- **Task**: Give the records again. Keep them exact and leave out the images.

[Recorded data]
━━━━━━━━━━━━━━━━━━━━━━━━━━━━━━
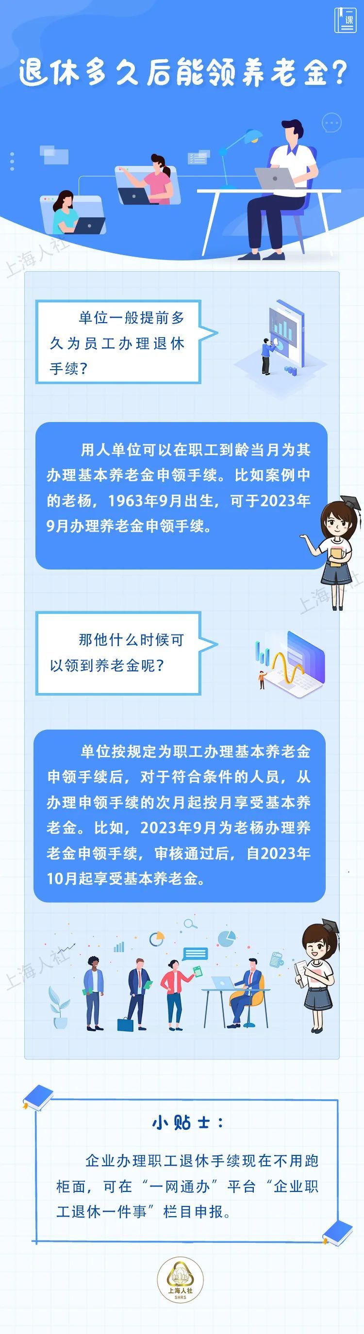 老杨下个月就将满60周岁,愉快的退休生活即将开启。最近他碰到HR小梅,询问她公司什么时候为他办理退休手续,他大概什么时候能拿到养老金。小梅有些支支吾吾答不清楚。那员工即将到龄退休,什么时候为他办理退休手续,他又从何时开始领养老金呢?
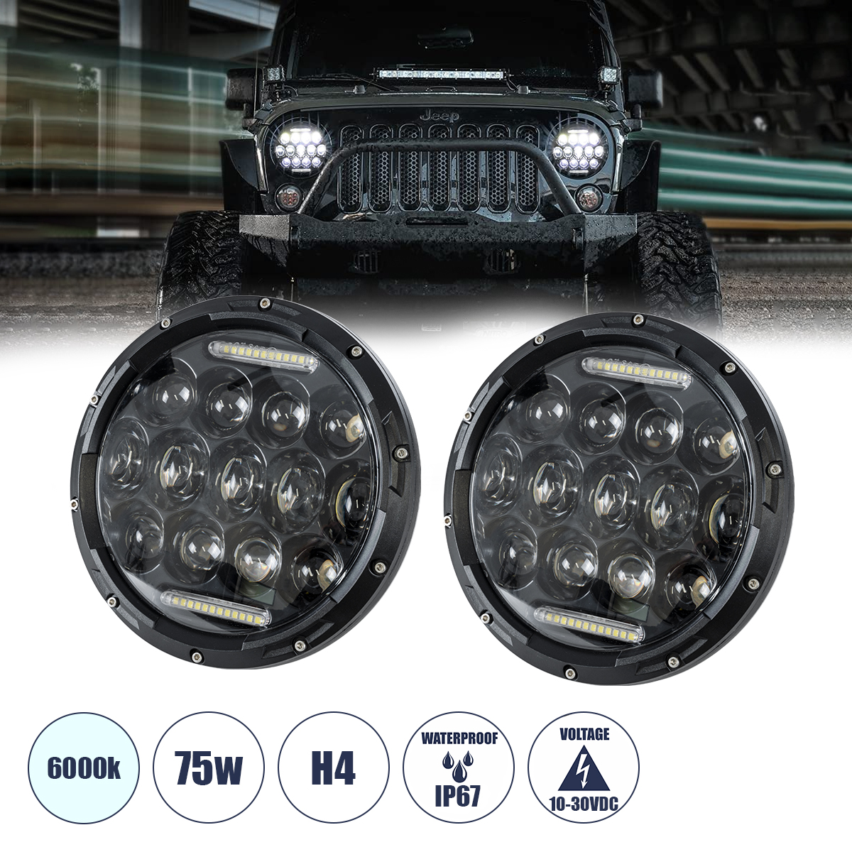 GloboStar® 85417 Σετ 2 x Φανάρια JEEP WRANGLER 7'' Ιντσών Βασικού Φωτισμού H/L με Ring Light DRL & Φλας LED CREE CXB COB 75W 12000lm DC 10-30V Αδιάβροχα IP67 Ψυχρό Λευκό 6000K
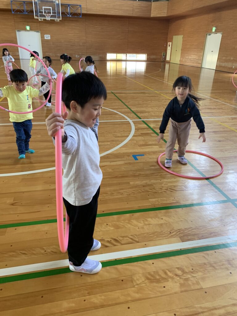 ジムレッスンでは、フラフープのいろいろな使い方や技を試して、とても楽しんでいました。初めてブリッジにも挑戦しました。簡単ではないけれど、完璧にできるようになるまであきらめません。💪
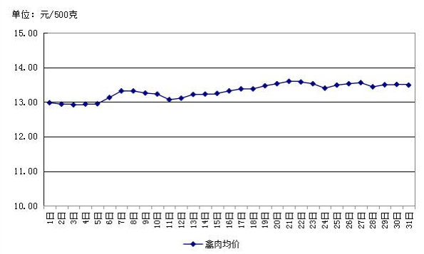 据海南省价格监测中心统计,本周禽肉价格环比略降,禽肉均价为13.23元/500克。普通鸡肉环比-0.93%。8月份,海南省禽肉类零售价格呈波动上涨走势,零售均价为13.31元/500克,同比下降10.97%。
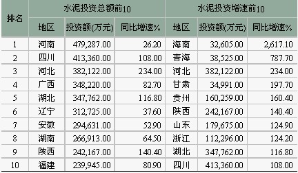 從各省投資增速來看,增長最快的前10大水泥投資增速均在100%以上,前5名均超過150%,其中海南、青海、甘肅三省由于原投資基數較小,導致水泥投資增長速度較快。
━━━━━━━━━━━━━━━━━━━━━━━━━━━━━━
- **Completed task**:
 老杨下个月就将满60周岁,愉快的退休生活即将开启。最近他碰到HR小梅,询问她公司什么时候为他办理退休手续,他大概什么时候能拿到养老金。小梅有些支支吾吾答不清楚。那员工即将到龄退休,什么时候为他办理退休手续,他又从何时开始领养老金呢?
 GloboStar® 85417 Σετ 2 x Φανάρια JEEP WRANGLER 7'' Ιντσών Βασικού Φωτισμού H/L με Ring Light DRL & Φλας LED CREE CXB COB 75W 12000lm DC 10-30V Αδιάβροχα IP67 Ψυχρό Λευκό 6000K
 ジムレッスンでは、フラフープのいろいろな使い方や技を試して、とても楽しんでいました。初めてブリッジにも挑戦しました。簡単ではないけれど、完璧にできるようになるまであきらめません。💪
 据海南省价格监测中心统计,本周禽肉价格环比略降,禽肉均价为13.23元/500克。普通鸡肉环比-0.93%。8月份,海南省禽肉类零售价格呈波动上涨走势,零售均价为13.31元/500克,同比下降10.97%。
 從各省投資增速來看,增長最快的前10大水泥投資增速均在100%以上,前5名均超過150%,其中海南、青海、甘肅三省由于原投資基數較小,導致水泥投資增長速度較快。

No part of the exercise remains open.